Car Wash Giggles

There’s something about getting my car washed that makes me more excited than a new episode of Girls (although the last two episodes were kind of sad, am I right? But I still love Hannah; even more so after seeing that we both have the same secret vice: putting our trash in garbage cans that aren’t ours. I used to bring my soured milk down to the train station dumpster on my way to work. But that’s a post for another time – but not really, b/c, ew).

Honestly, it’s not the car wash I love so much, but the vacuuming. But I wasn’t about to shell out $50+ for a detail job that I could do myself for a sock full of quarters. So I scrounged up all the ones I have lying around from my laundromat days and hit the gas station. They have vacuums, right? Turns out, they don’t. Or at least the two I tried before looking up “car wash” on my phone didn't. Their loss; I was prepared to drop at least two whole dollars in quarters. 

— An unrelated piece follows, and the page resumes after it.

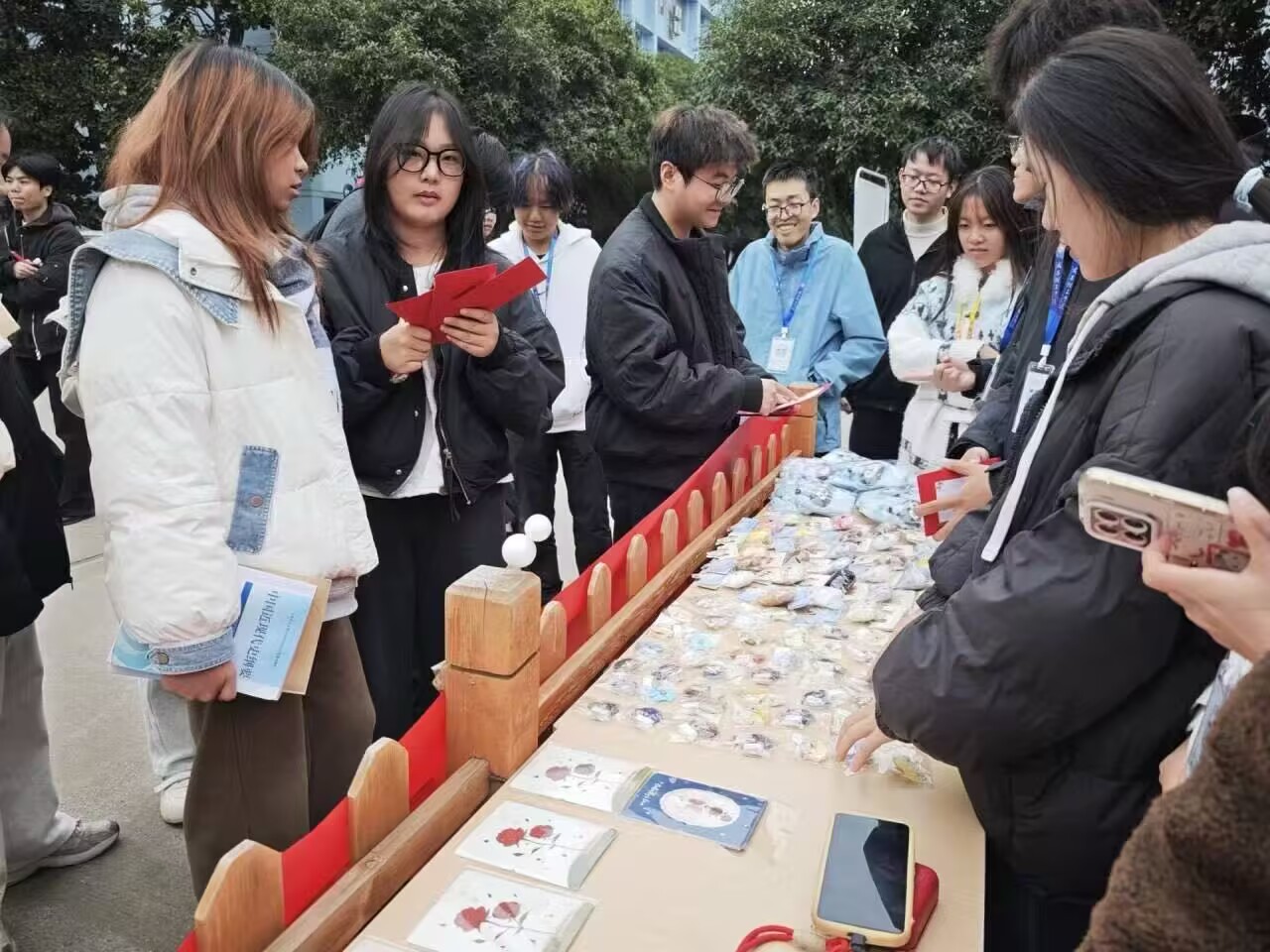 此外活动还借助手工制作、信笺互动等形式,激发学子的创作灵感与表达欲望。“画个雪人闯冬天”为学子提供泡沫球、牙签、彩笔等材料,让大家亲手组装并创作专属雪人,将冬日的美好想象融入手工制作。“雪笺传意”则通过信箱与收件箱的互动形式,让学子随机抽取并回答信笺上的问题,同时写下自己的提问,在文字交流中传递心意、碰撞思想。在交流碰撞中解锁青春视角下的冬日新解,用文艺之暖消解季节的清冷,让校园冬日因心灵共鸣而更具温度。
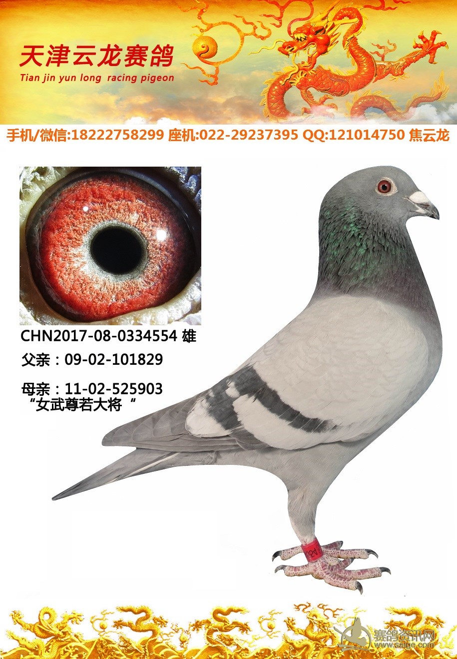 鸽子名称: 足环:2017-08-0334554 性别:♂雄鸽 眼别:黄眼 羽色:灰 年代:2017 血统: 作育者:焦云龙

It’s been arctic and windy in Boston so I had the vacuums to myself. Not that it would have mattered b/c you pull up and have the whole side to yourself anyway, but it was just nice not to have to wait in line for something for once. I deposited my quarters and went to town on Ellie (my car). 

I only planned on vacuuming and skipping the actual car wash, considering she doesn’t look half bad compared to other cars, and she’s beautiful on the inside which is what matters, right? But I didn’t know how much longer I could go on looking out that filthy back windshield. So I ponied up $8 for the “Gold” package that included sealant wax and undercarriage protection (and then I giggled and giggled). Nothing like a spotless car and a double entendre to beat those winter blues. 

But seriously, is it flip-flop season yet?